Currently, AK112 has taken the lead in entering the phase III clinical trial in the world, and AK117 is also one of the world’s leading CD47 monoclonal antibodies in clinical research and development progress. The combination therapy of AK112 in combination with AK117 is expected to activate both innate and adaptive immune pathways and enhance the targeted recognition of tumors by the immune system. The combined application of these two drugs will be able to bring the three tumor immune targets of PD-1, VEGF and CD47 into play to achieve better anti-tumor effects than existing therapies.
About AK112 (PD-1/VEGF Bi-Specific Antibody)

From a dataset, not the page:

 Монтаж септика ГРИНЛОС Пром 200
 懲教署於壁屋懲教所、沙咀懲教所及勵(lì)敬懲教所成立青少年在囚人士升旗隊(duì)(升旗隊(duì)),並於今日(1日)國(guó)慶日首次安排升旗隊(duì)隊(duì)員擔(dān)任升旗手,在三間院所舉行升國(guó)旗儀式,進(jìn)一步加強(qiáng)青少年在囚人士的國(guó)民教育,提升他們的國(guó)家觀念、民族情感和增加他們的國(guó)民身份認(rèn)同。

AK112 is a first-in-class and the first to enter clinical trial PD-1/VEGF bi-specific antibody independently developed by the Company. Engineered with our unique Tetrabody technology, AK112 blocks PD-1 binding to PD-L1 and PD-L2, and blocks VEGF binding to VEGF receptors. PD-1 antibody in combination with VEGF blocking agents have shown robust efficacy in various tumor types (including renal cell carcinoma, non-small cell lung cancer and hepatocellular carcinoma). In the view of the co-expression of VEGF and PD-1 in the tumor microenvironment, AK112, as a single agent to block these two targets, may block these two pathways more effectively and enhance the anti-tumor activity, as compared to combination therapy.

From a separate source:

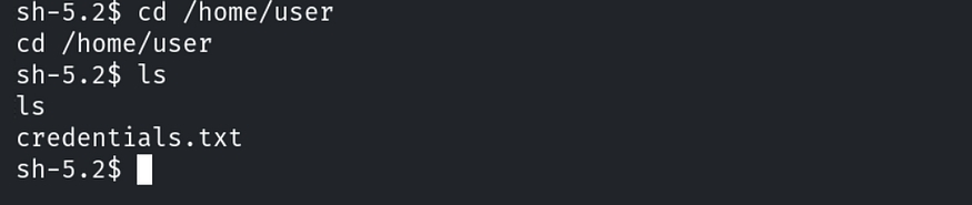 And here is a file named credentials.txt. To read its contents, type cat credentials.txt.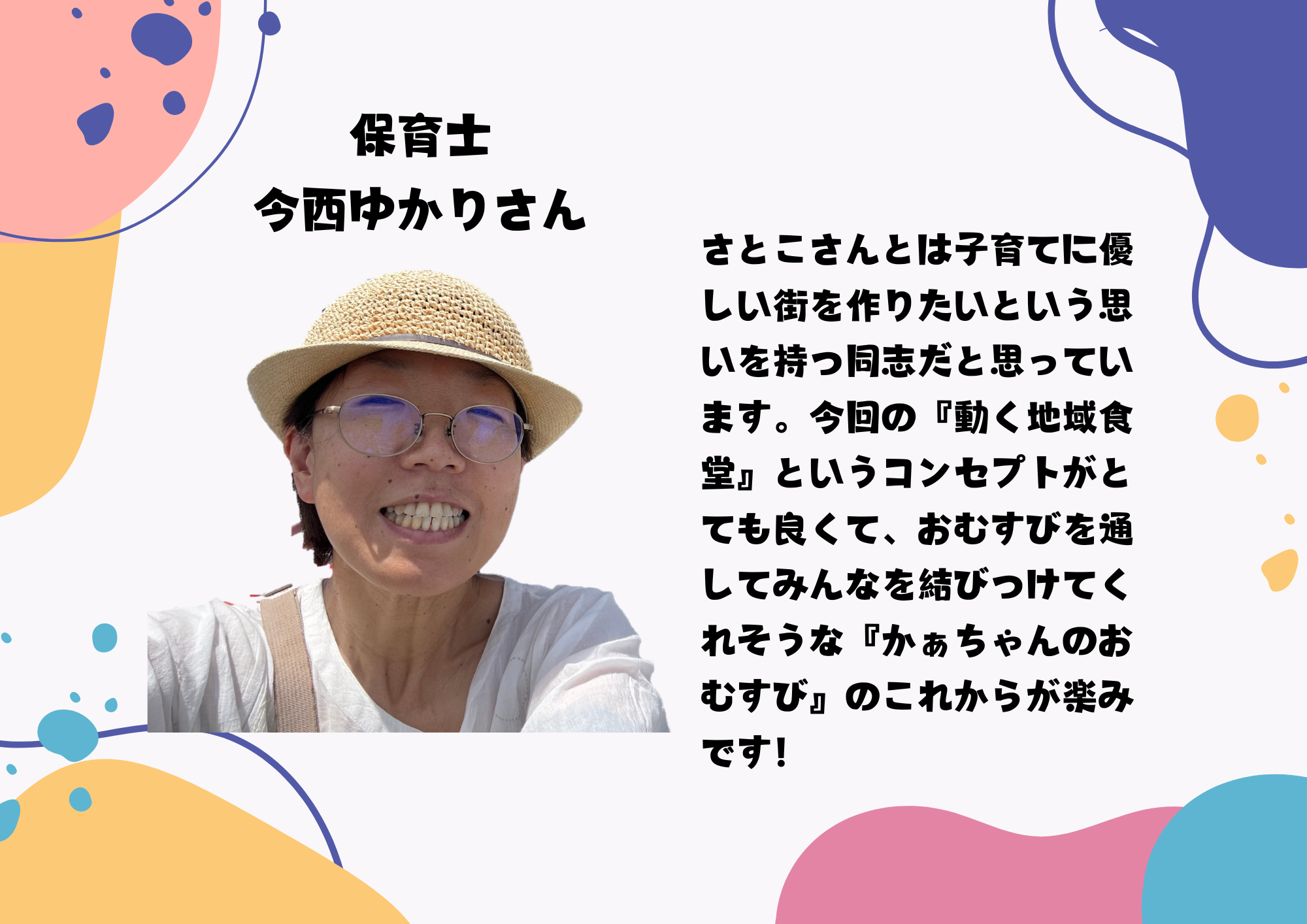 2024/10/07 00:45保育士の今西ゆかりさんより温かい応援メッセージをいただきました。ゆかりさんとは、同じ地域で子育てをする母親としての繋がりもあり、楽しいイベントも企画され、先日は〝親子で握ろうおむすび企画〟としてマルシェにお誘いいただき、開催させていただきました。人と人を繋いで下さるとても温かい方です。いつも、有り難う御座います。 もっと見る

About AK117 (CD47 Monoclonal Antibody)
AK117 is a novel humanized IgG4 mAb independently developed by the Company. It can bind with CD47 expressed on tumor cells to prevent the interaction between CD47 and its receptor, SIRPα, expressed on macrophages so as to enhance phagocytosis to inhibit the growth of tumor cells. Previously published data demonstrated exceptional safety profile. AK117 resulted in no dose-limiting toxicity and no anemia of clinical significance in subjects in all doseescalation cohort (the highest dose cohort was 45 mg/kg once-weekly), and was well tolerated by subjects in all cohorts. The CD47 receptor occupancy rate (RO) of the peripheral blood T cells has reached and maintained at 100% in the 3 mg/kg cohort.
About Akeso, Inc.
Akeso, Inc. is a biopharmaceutical company dedicated to the research, development, manufacturing and commercialization of new innovative antibody drugs that are affordable to patients worldwide. Since the Company’s establishment, the Company has established an end-to-end comprehensive drug development platform (ACE Platform) and system, encompassing fully integrated drug discovery and development functions, including target validation, antibody drug discovery and development, CMC production process development, and GMP compliant scale production. The Company has also successfully developed a bi-specific antibody drug development technology (Tetrabody technology). The Company currently has a pipeline of over 20 innovative drugs for the treatment of major diseases like tumors, autoimmune diseases, inflammation and metabolism diseases, 13 of which have entered clinical stage, including two first-in-class bi-specific antibody drugs (PD-1/CTLA-4 and PD-1/VEGF). In Aug 2021, the Company’s first in-house innovatively researched and developed differentiated PD-1 monoclonal antibody Penpulimab monoclonal antibody injection (安尼可®) was approved to the market. The Company’s vision is to become a global leading biopharmaceutical company through research and development of high efficacy and breakthrough new drugs that are first-in-class and best-in-class therapies.